EXERCISE GOAL >> Begin at the line containing "Add the potatoes" in the data below and go on through the line containing "As we approach", repeating each line exactly; include both ends and no other line.
DATA PROVIDED Block Start
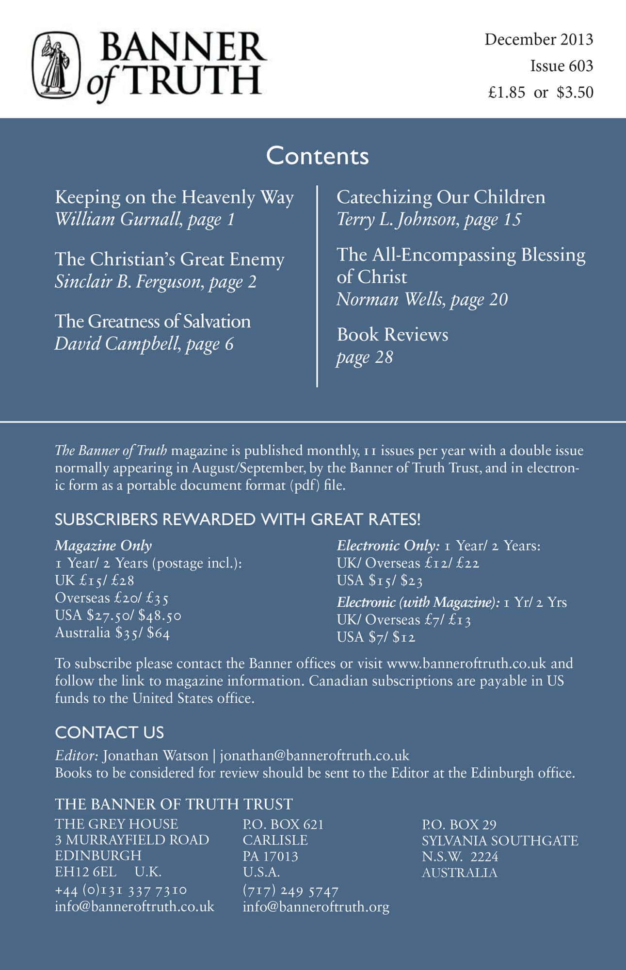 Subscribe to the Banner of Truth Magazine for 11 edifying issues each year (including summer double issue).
DATA PROVIDED Block End
DATA PROVIDED Block Start
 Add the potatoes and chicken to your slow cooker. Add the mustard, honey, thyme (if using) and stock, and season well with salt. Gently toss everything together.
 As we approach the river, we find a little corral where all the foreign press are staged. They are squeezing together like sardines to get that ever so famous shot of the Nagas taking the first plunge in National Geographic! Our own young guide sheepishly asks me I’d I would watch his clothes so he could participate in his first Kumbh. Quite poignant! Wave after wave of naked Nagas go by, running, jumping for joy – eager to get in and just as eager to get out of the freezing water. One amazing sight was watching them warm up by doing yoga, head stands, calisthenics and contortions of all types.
DATA PROVIDED Block End
DATA PROVIDED Block Start
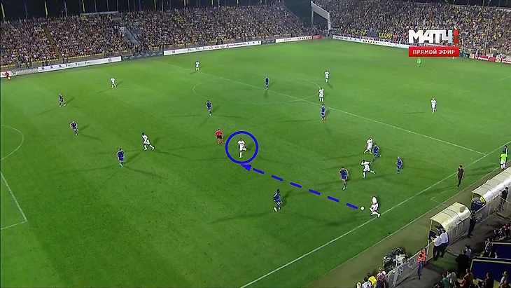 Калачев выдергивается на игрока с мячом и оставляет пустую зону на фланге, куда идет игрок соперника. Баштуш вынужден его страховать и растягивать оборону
DATA PROVIDED Block End
TASK ANSWER >>
 Add the potatoes and chicken to your slow cooker. Add the mustard, honey, thyme (if using) and stock, and season well with salt. Gently toss everything together.
 As we approach the river, we find a little corral where all the foreign press are staged. They are squeezing together like sardines to get that ever so famous shot of the Nagas taking the first plunge in National Geographic! Our own young guide sheepishly asks me I’d I would watch his clothes so he could participate in his first Kumbh. Quite poignant! Wave after wave of naked Nagas go by, running, jumping for joy – eager to get in and just as eager to get out of the freezing water. One amazing sight was watching them warm up by doing yoga, head stands, calisthenics and contortions of all types.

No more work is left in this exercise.